简体   繁体   English

如何正确命名 ParseResults?

[英]How do I correctly name ParseResults?

I like to name the entities in my grammar so I can access them using the as_dict() feature of ParseResults .我喜欢在我的语法中命名实体,这样我就可以使用 ParseResults 的ParseResults as_dict()特性访问它们。 But somehow it is not obvious to me where exactly I should "group" and "name" them.但不知何故,对我来说我应该在哪里“分组”和“命名”它们并不明显。 This often results in some kind of trial and error process.这通常会导致某种试错过程。

To make more clear what I mean I tried to strip down the problem to a minimal example:为了更清楚地说明我的意思,我试图将问题简化为一个最小的例子:

If we define an identifier that is labelled with "I" and holds the name of the identifier:如果我们定义一个标有“I”的标识符并保存标识符的名称:

from  pyparsing import *

identifier = Word(alphas,nums)
gid        = Group(identifier("I"))
idg        = Group(identifier)("I")

t=gid.parseString("x1")
print(t.as_dict(), t.as_list())
t=idg.parseString("x1")
print(t.as_dict(), t.as_list())

results in:结果是:

{} [['x1']]
{'I': ['x1']} [['x1']]

which suggests that I should first "Group" then "name" the identifier.这表明我应该先“分组”然后“命名”标识符。

However if I use a sequence of these (named "P") it's vice versa, as this (continued) example shows:但是,如果我使用这些序列(名为“P”),则反之亦然,如本(续)示例所示:

prog= [
    Group(ZeroOrMore(gid)).setResultsName("P"),
    Group(ZeroOrMore(idg)).setResultsName("P"),
]

s = "x1 x2"

for i in range(0,len(prog)):
    t=prog[i].parseString(s)
    print(t.as_dict(), t.as_list())
    for v in t.P:
        print(v.as_dict(), t.as_list())

which outputs:输出:

{'P': [{'I': 'x1'}, {'I': 'x2'}]} [[['x1'], ['x2']]]
{'I': 'x1'} [[['x1'], ['x2']]]
{'I': 'x2'} [[['x1'], ['x2']]]
{'P': {'I': ['x2']}} [[['x1'], ['x2']]]
{} [[['x1'], ['x2']]]
{} [[['x1'], ['x2']]]

Am I doing something wrong?难道我做错了什么? Or did I just misunderstand named results?或者我只是误解了命名结果?

Cheers, Alex干杯,亚历克斯

Welcome to pyparsing, Grouping and results names are really important features to get a good understanding of, for making parsers with useful results.欢迎使用 pyparsing,分组和结果名称是非常重要的特性,需要很好地理解,以便使解析器具有有用的结果。 so it's great that you are learning these basics.所以很高兴你正在学习这些基础知识。
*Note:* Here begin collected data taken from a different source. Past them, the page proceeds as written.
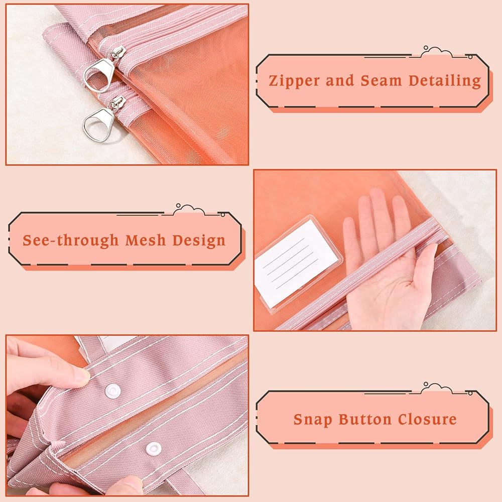 Zipper Pouch Size: Nylon mesh zipper bag, total size: 13.98 inch x 11.42 inch, enough for A4 size file, paper or other items storage. Note: If the zipper is not smooth enough you can rub the chain back and forth with a pencil lead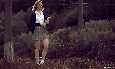 Fascinating blonde chick unsheathes her shaved pussy and gets banged hard
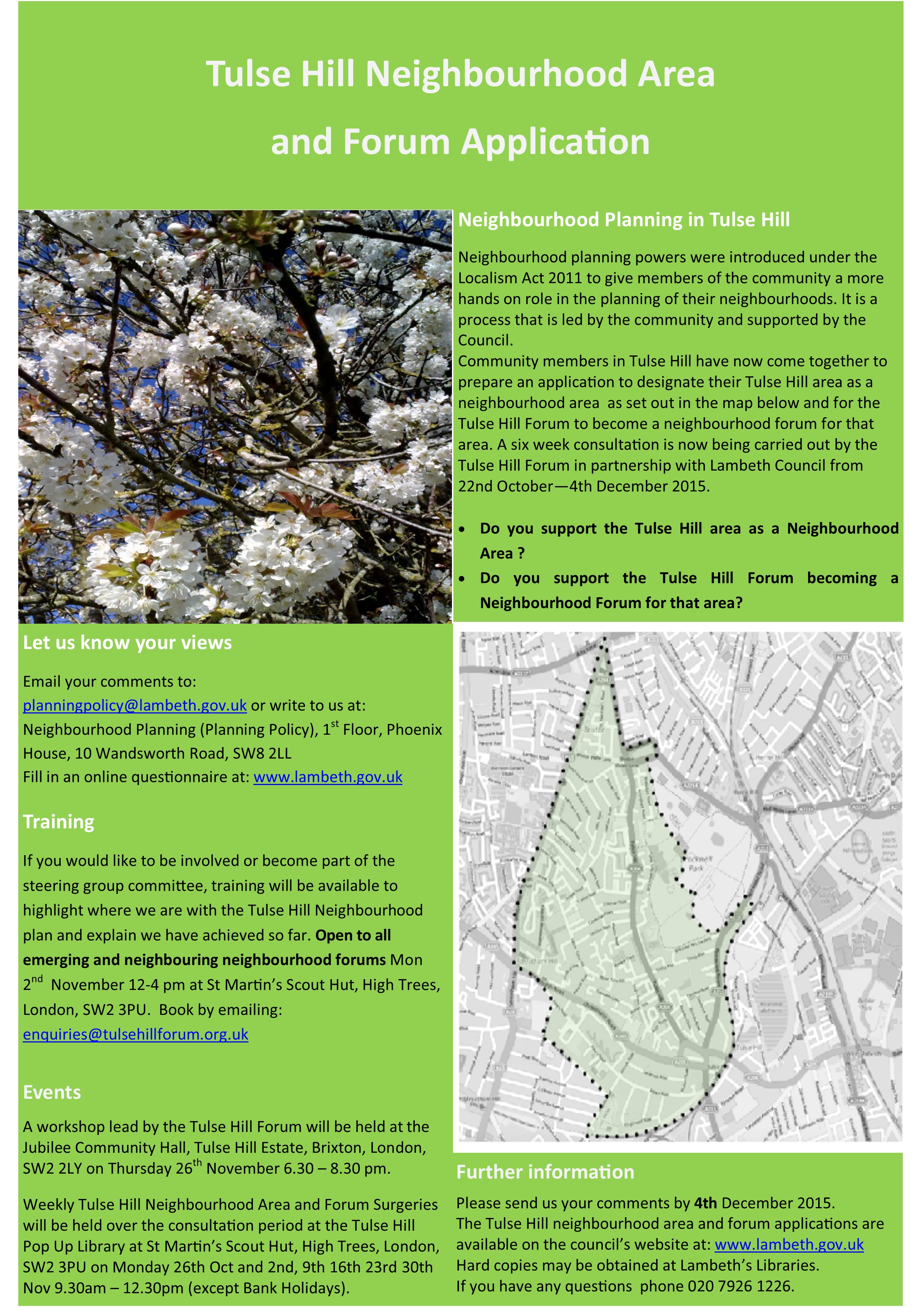 Community members in Tulse Hill have now come together to prepare an application to designate their Tulse Hill area as a neighbourhood area and for the Tulse Hill Forum to become a neighbourhood forum for that area. A six week consultation is now being carried out by the Tulse Hill Forum in partnership with Lambeth Council. It ends on 4th December
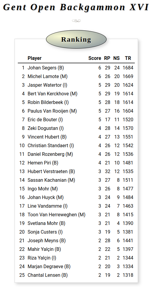 Paulus Van Rooijen and Bert Van Kerckhove share 2nd prize.  Jasper Watertor, organizer of the Rotterdam tournaments, wins the intermediates on resistance points and shares prize money with Robin Bilderbeek and Eric De Bouter. Johan Segers wins the beginners division and receives a backgammon book to up his level of play even more!  Maybe next time he can compete in a higher category…
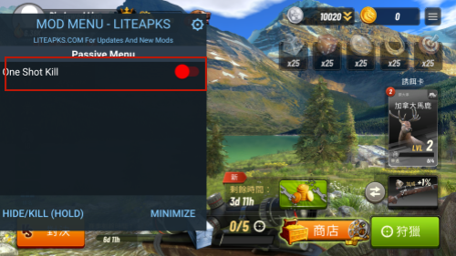 3、MOD版本内能够使用菜单功能完成不同的需求,享受最棒的狩猎游戏过程。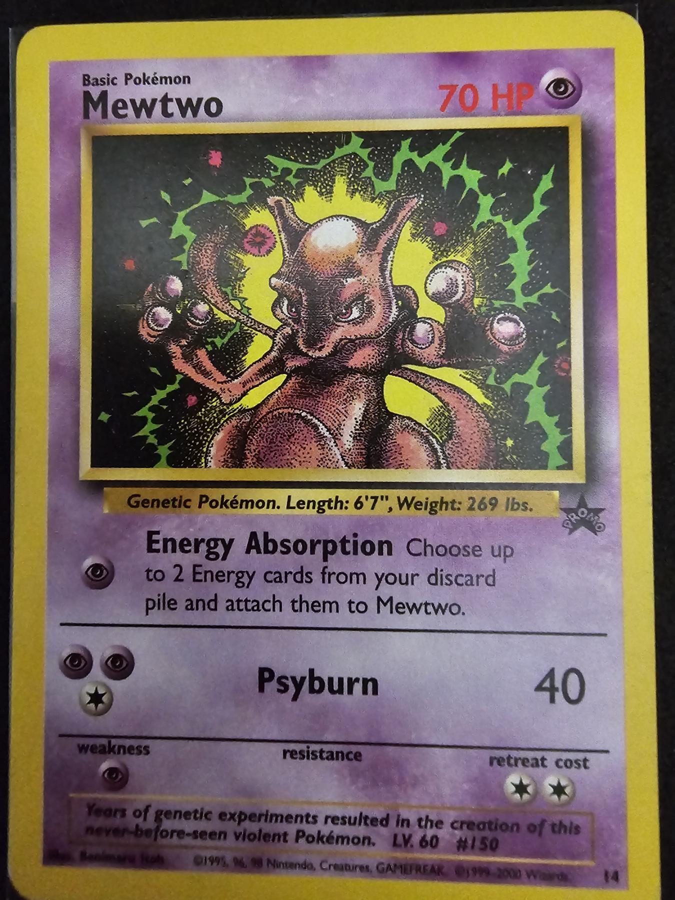 Mewtwo #14 Black Star Promo Vintage Rare Pokemon Trading Card - Comes with Protective Sleeve, GREAT CONDITION!!! PLACE YOUR BID AND CATCH 'EM ALL TODAY!!!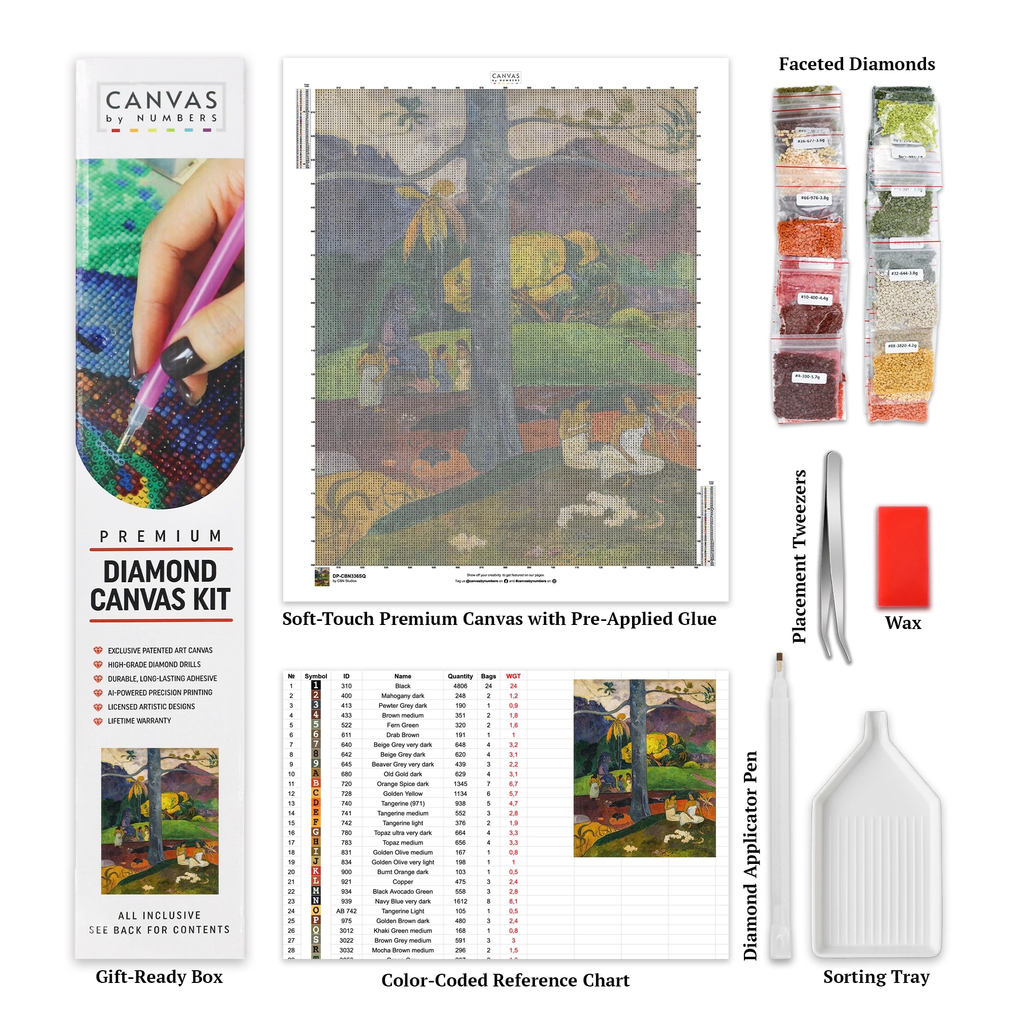 Immerse yourself in the vibrant and exotic landscape of Tahiti with our 'Mata Mua' diamond painting kit. This artwork, created by Paul Gauguin, captures the timeless beauty and serene atmosphere of the island. The bold colors and graceful figures bring to life Gauguin's unique artistic style and deep appreciation for Tahitian culture. Whether you're new to diamond painting or a seasoned artist, this kit provides a delightful and creative experience.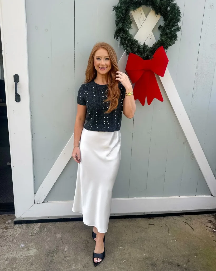 - For a Family Gathering: Silk Midi Skirt + Jewel-Toned Cashmere Sweater + Elegant Heels or Flats + Festive Scarf.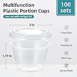 AOZITA 100 Sets - 4 oz Portion Cups With Lids, Jello Shot Cups, Small Plastic Containers, Airtight and Stackable Souffle Cups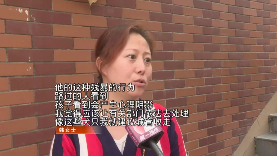 韓女士:我就走進(jìn)公交車站總站里面,就看到有幾個司機(jī)拿著棍子,我就知道他們應(yīng)該是在打狗。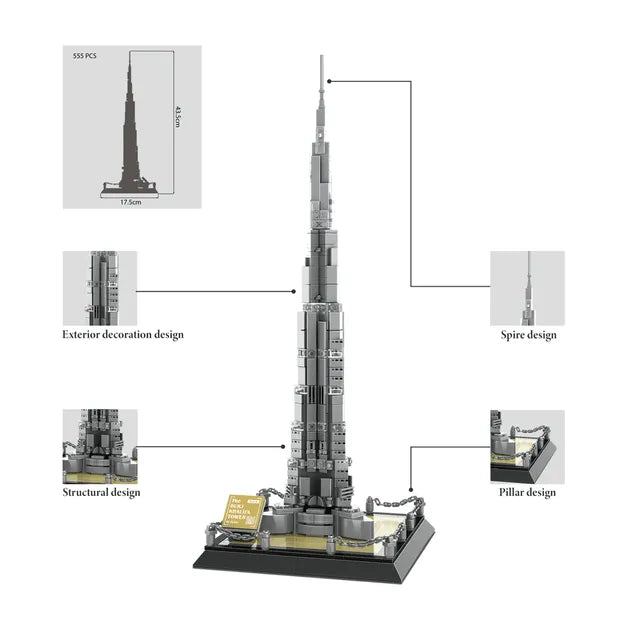 - Building block kit to build a reproduction of the Burj Khalifa in Dubai. Excellent detail due to the large number of pieces. Recommended for children and adults with experience in building blocks.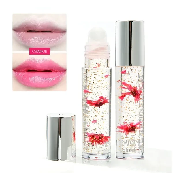 1pcs Flower Temperature Color Change Lip Gloss Crystal Transparent Moisturizing Lip Oil Lipstick
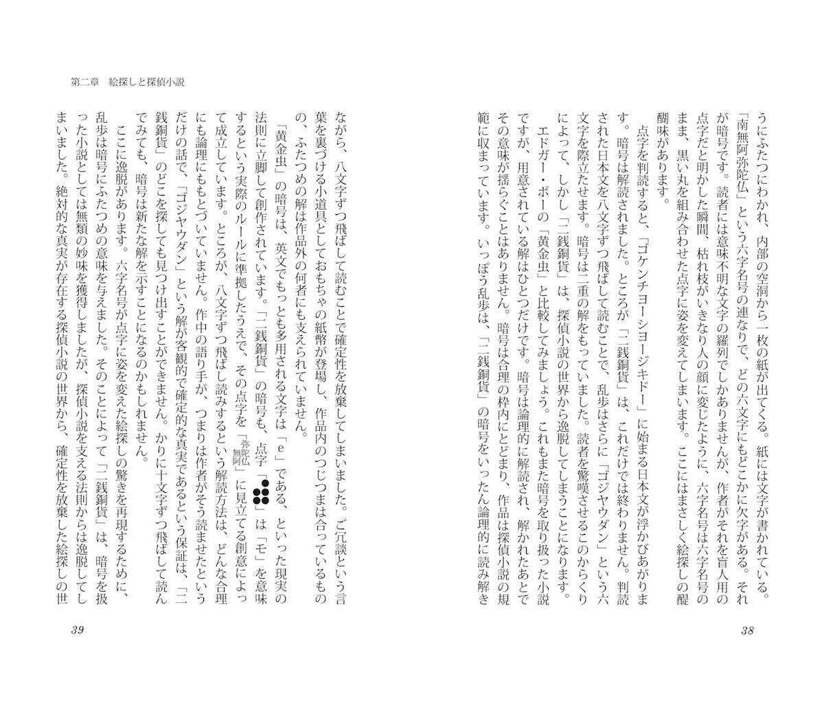 要するに、構想の段階では、六字名号はじつは点字である、という秘密だけが隠されていたのですが、完成した「二銭銅貨」では、その点字にもうひとつの秘密が隠され、暗号にふたつの意味が与えられることになりました。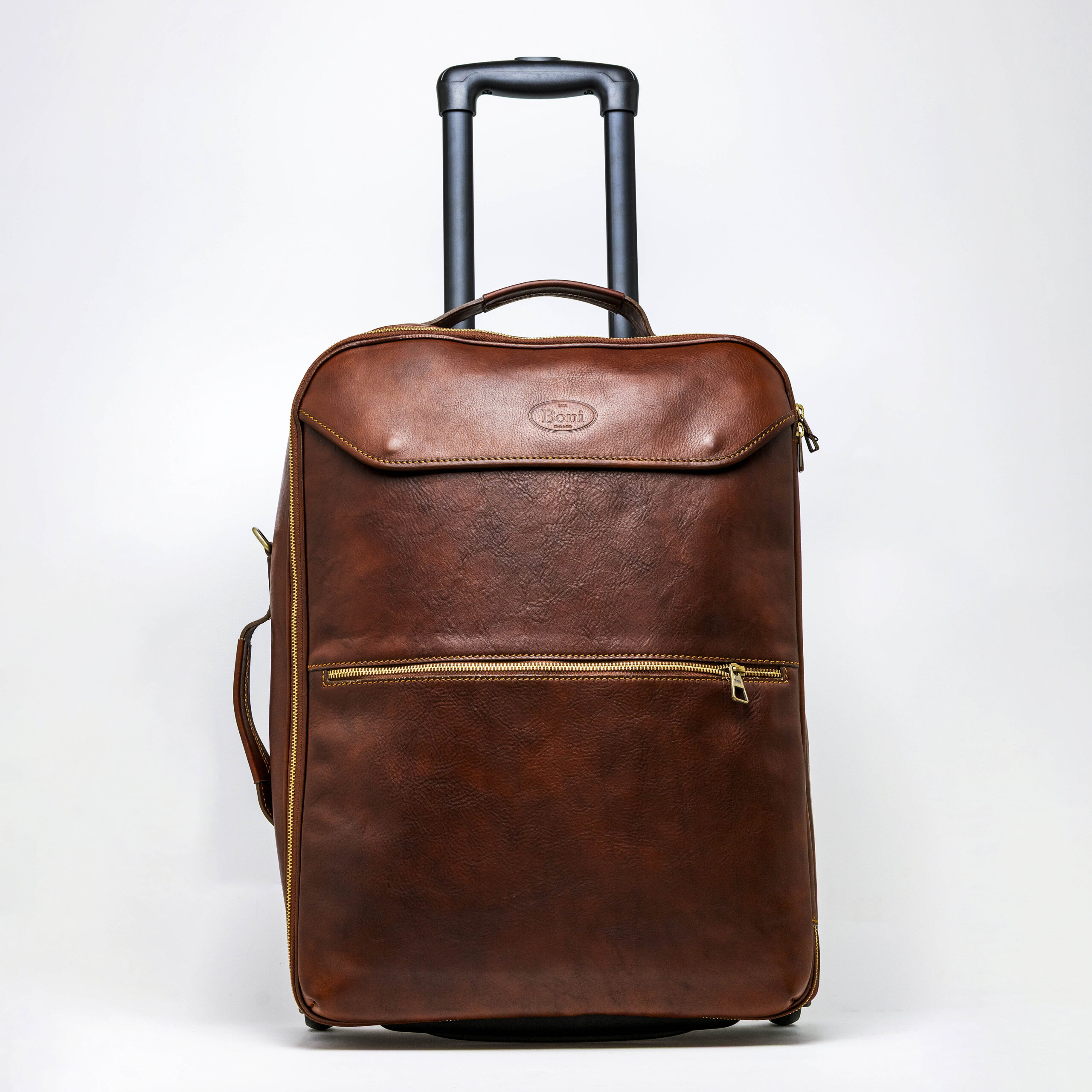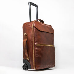 Il trolley è un prodotto di alto artigianato, realizzato in cuoio toscano conciato al vegetale e tamponato a mano. Ideale sia per viaggi di lavoro che per le vostre vacanze, ha una comoda tracolla che permette di portarlo anche a spalla all’occorrenza. Sono presenti due comode tasche anteriori, una maniglia laterale e due ruote.

I had suggested using create_diagram() to better see the structure and the names for these expressions.我曾建议使用create_diagram()来更好地查看这些表达式的结构和名称。 But they are almost too simple for the diagrams to really show much.但它们对于图表来说几乎太简单了,无法真正显示太多。 As you work with pyparsing further, you might come back to using create_diagram to make parser railroad diagrams for your pyparsing parsers.当您进一步使用 pyparsing 时,您可能会回来使用create_diagram为您的 pyparsing 解析器制作解析器铁路图。

Instead, I replicated your steps, but instead of using results.as_dict() and results.as_list() (where results is the pyparsing ParseResults value returned from calling parse_string() ), I used another visualizing method, results.dump() .相反,我复制了您的步骤,但没有使用results.as_dict()results.as_list() (其中results是调用parse_string()返回的 pyparsing ParseResults值),我使用了另一种可视化方法results.dump() dump() prints out results.as_list() , followed by an indented list of the items by results name, and then by sub-lists. dump()打印出results.as_list() ,然后是按结果名称缩进的项目列表,然后是子列表。 I think dump() will show a little better how names and groups work in your expressions.我认为dump()会更好地显示名称和组在表达式中的工作方式。

One of the main points is that as_dict() will only walk named items.要点之一是as_dict()只会遍历命名项。 If you had an expression for two identifiers like this (where only one expression has a results name:如果你有一个像这样的两个标识符的表达式(其中只有一个表达式有一个结果名称:

two_idents = identifier() + identifier("final")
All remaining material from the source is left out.